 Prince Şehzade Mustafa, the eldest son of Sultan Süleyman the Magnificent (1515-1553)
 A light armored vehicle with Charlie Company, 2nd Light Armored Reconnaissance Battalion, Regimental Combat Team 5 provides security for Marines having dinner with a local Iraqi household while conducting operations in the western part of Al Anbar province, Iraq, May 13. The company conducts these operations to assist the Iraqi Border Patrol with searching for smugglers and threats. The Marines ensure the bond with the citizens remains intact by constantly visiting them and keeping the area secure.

--

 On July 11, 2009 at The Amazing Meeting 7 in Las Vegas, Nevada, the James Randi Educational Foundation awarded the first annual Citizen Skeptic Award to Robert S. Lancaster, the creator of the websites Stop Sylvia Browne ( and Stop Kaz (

> [THE PROBLEM]:
What you give back should be only the lines of the records above, starting at the line with "Prince Şehzade Mustafa, the" and ending at the line with "A light armored", restated word for word.

> [SOLUTION BELOW]:
 Prince Şehzade Mustafa, the eldest son of Sultan Süleyman the Magnificent (1515-1553)
 A light armored vehicle with Charlie Company, 2nd Light Armored Reconnaissance Battalion, Regimental Combat Team 5 provides security for Marines having dinner with a local Iraqi household while conducting operations in the western part of Al Anbar province, Iraq, May 13. The company conducts these operations to assist the Iraqi Border Patrol with searching for smugglers and threats. The Marines ensure the bond with the citizens remains intact by constantly visiting them and keeping the area secure.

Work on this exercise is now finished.